新商品・ぐい呑み「kisen」(喜泉)が大好評
従来品にも波及して大忙しに

各種のぐい呑み「kisen」。デザインによって
「FUJI」「WAN」「KOKESHI」(手前、左から右)、
「BAMBOO」(TALL)「HORN」「BAMBOO」(SHORT)「DON」
(奥、 左から右)などがある。代々続く屋号をブランド名にした。
平成26年度のグッドデザイン賞を受賞。

 当機構の「地域資源ファンド事業」の助成を受け始めて、1年数カ月した頃(平成26年秋)のこと。
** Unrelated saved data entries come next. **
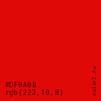 Цвет #DF0A08 в цветовой модели RGB обозначается тремя октетами (223, 10, 8) в десятичном формате и #DF0A08 в шестнадцатиричном (hex) формате, которые являются интенсивностью красного 223 (hex DF), интенсивность зелёного 10 (hex 0A) и интенсивность синего 8 (hex 08).
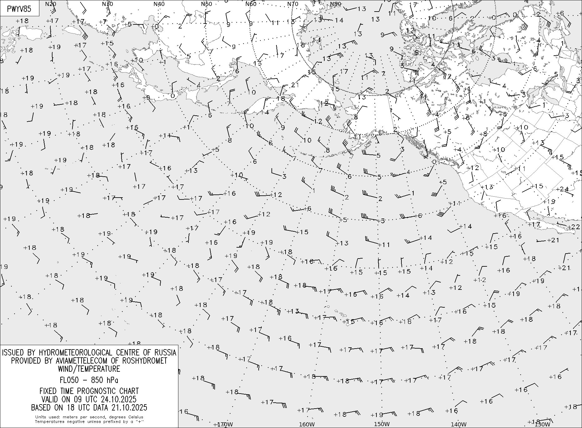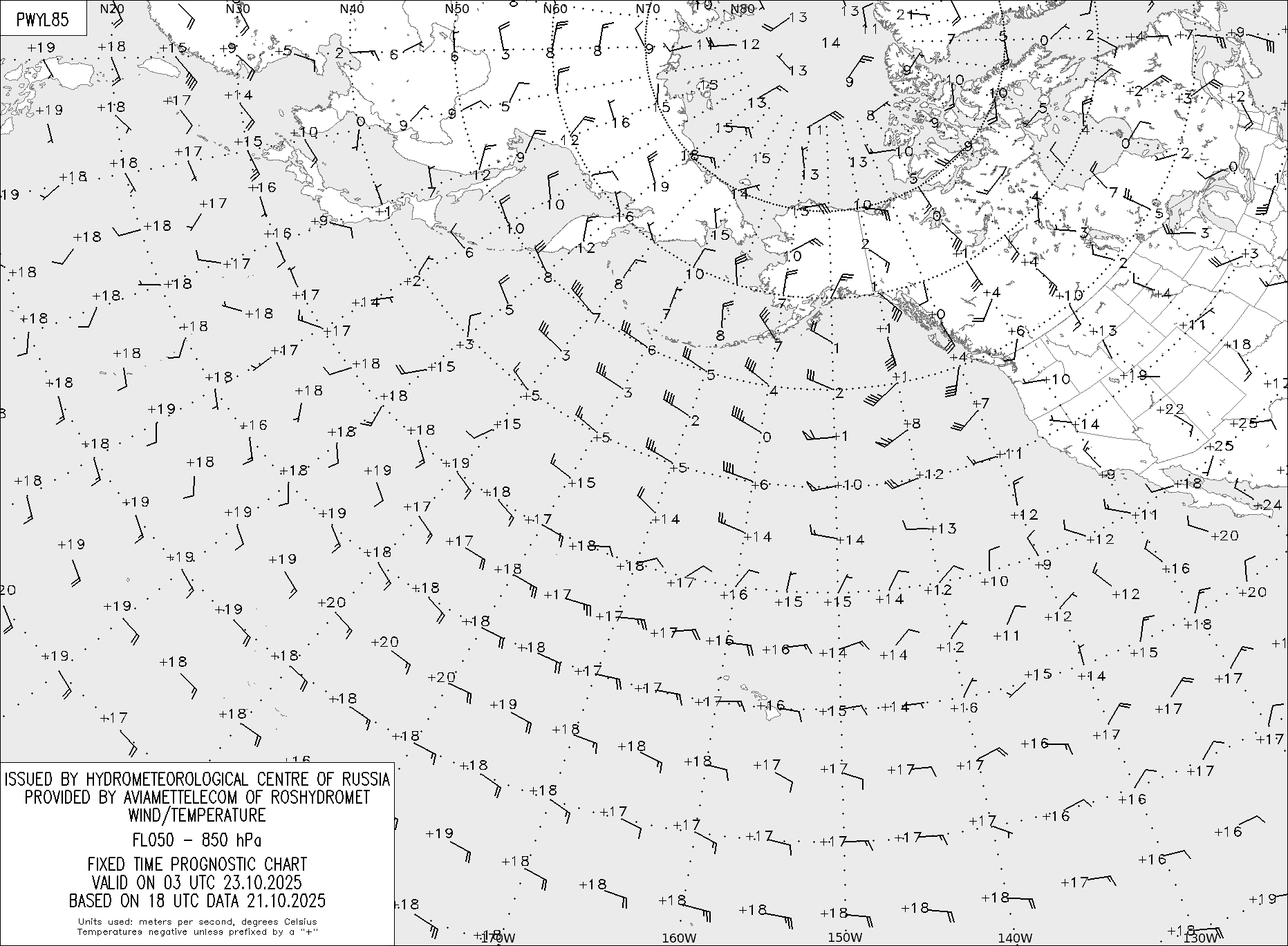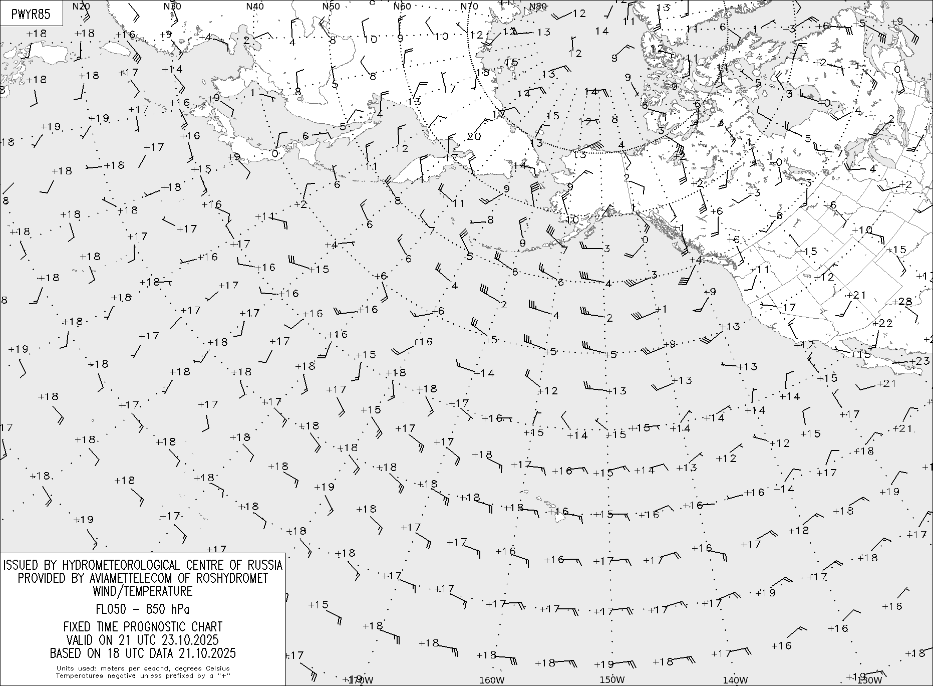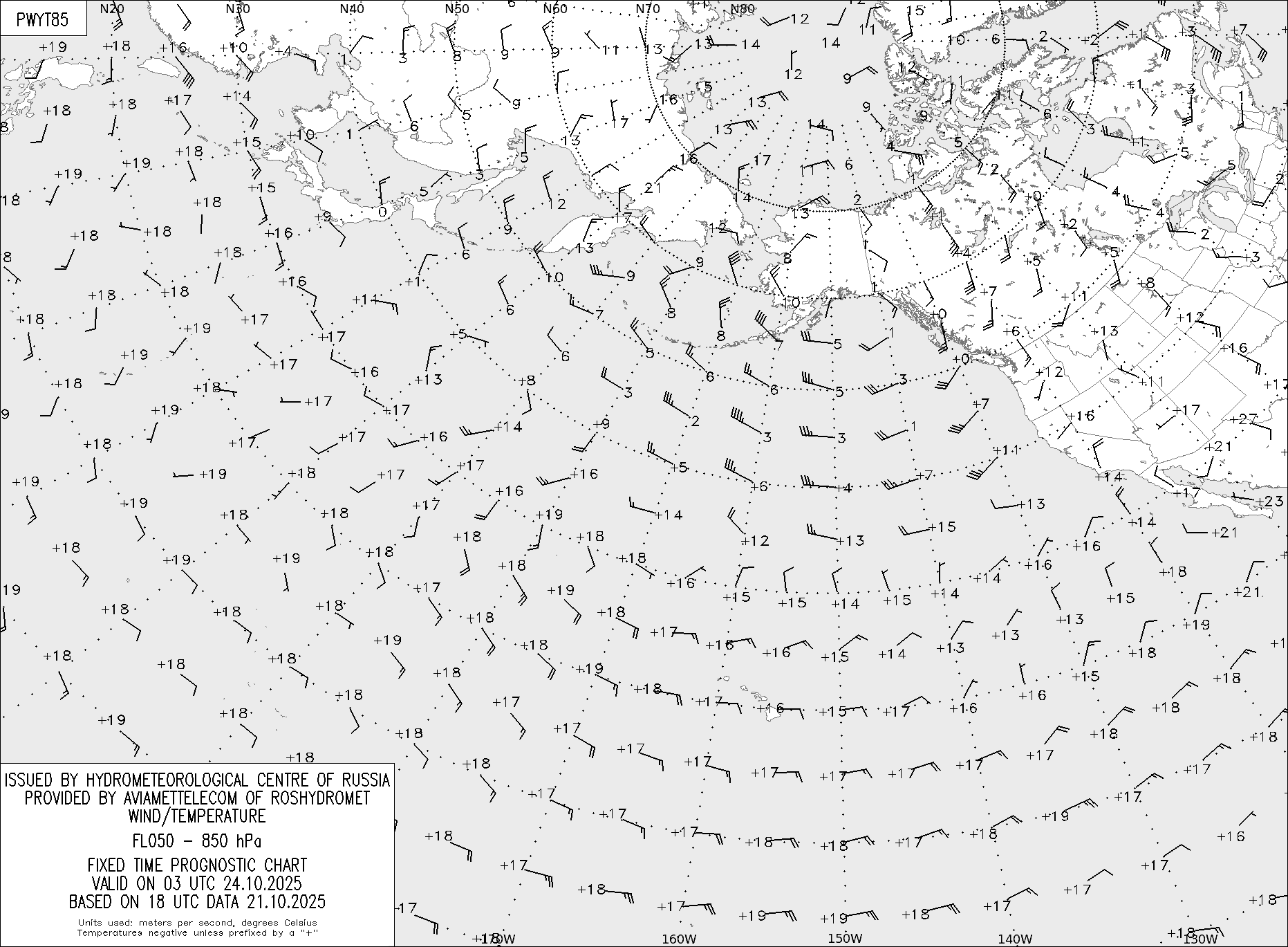 AREA Y (Восточная Евразия и Северная Америка) по данным за 18 UTC 21.10.2025
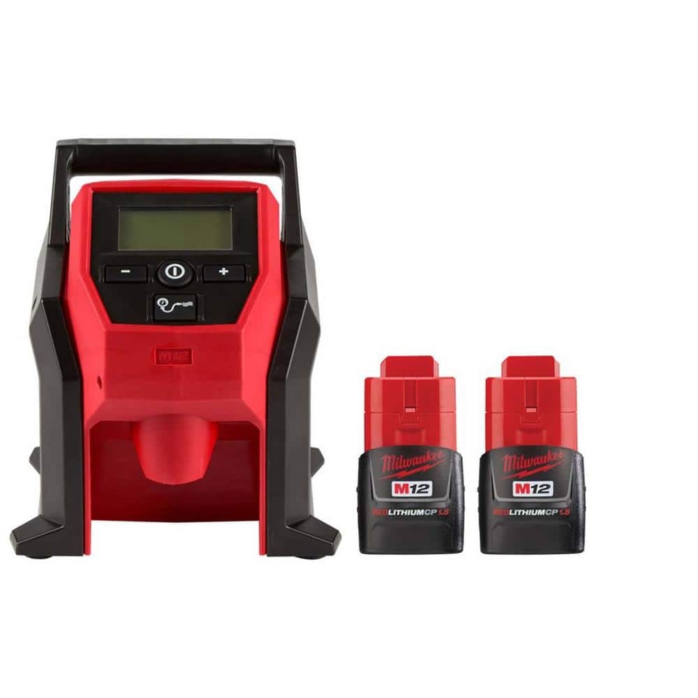 Milwaukee M12 12 Volt Electric Portable Inflator Tool Only And M12 12V 1 5 Ah Lithium Ion Compact Battery Pack 2 Pack 2475 20 48 11 2411 The Home Depot

四津川製作所の四津川兄弟(兄/元将氏:社長、弟/晋氏:ブランドプロデューサー)は、忙しさで悲鳴を上げていた。弟の晋氏が「このままではどちらかが先に倒れる」と兄に投げかけると、「社員を1人増やして、自分たちの業務を軽くしよう。新商品のブラッシュアップができないし、このままではお客様にご迷惑をかけるかもしれない」と返してきた。
 ここでいう新商品とは、平成26年2月にデビューした、ぐい呑み「kisen」(喜泉)であり、お客はその販路として開拓された十数店のデパート等のことだ(後にもっと増える)。いずれも助成事業を通じて新たに生まれたもので、同社の従来品の生産、出荷の対応と合わせて、2人は毎夜10時、11時まで働き詰めの日々。休日も取れなくなっていたのだ。

「kisen」を本格的に始めると、従来の商品も動き
出しました」と語る四津川元将社長。27年夏までに
2名の増員になった。

 それから1年も経たないうちに、さらに1名を増員するようになるのだが、「ファンド事業の助成を受けて、商品開発と販路開拓に取り組もう」と兄弟が口にし始めた平成24年には、この忙しさは想像すらできないものだった。

展示会初出展でデパートとの取り引きが……

「東京インターナショナルギフトショー春2014」に出展した際の
同社のブース。

 話を4年前に戻そう。四津川兄弟が、新商品「kisen」の元になるアイデアを抱いたのは平成23年のことだ。装飾品ではなく、生活の中で使うカトラリーの開発を目指したのだが、食品衛生法上、銅を食器として使うには銀または錫によるメッキが必要という規定があった。そのため兄弟は、二の足を踏んでいたのだ。それを「木とのコラボ」という社長のアイデアで一歩踏み出し、商売の復活を期したのである。
 ただ、“銅と木のコラボによる商品開発を……”といっても、その可能性は数多(あまた)ある。2人は連日夢を語り合ったが、長引く銅器産業低迷の中で、形になったものが早く必要になった次第。そこで基部に真鍮(銅と亜鉛の合金)を使って重心を低く安定させ、器の部分は水目桜をろくろで挽いたものでかたどり、それらを一体化させてぐい呑みとすることを思い立ったのだ。
 この時点では、具体的な形やデザインが決まっていたわけではない。そこで兄弟は、前年度に当機構の支援事業を活用した同業者にアドバイスを求め、ファンド事業を活用しての商品開発と販路開拓を望むようになったのだ。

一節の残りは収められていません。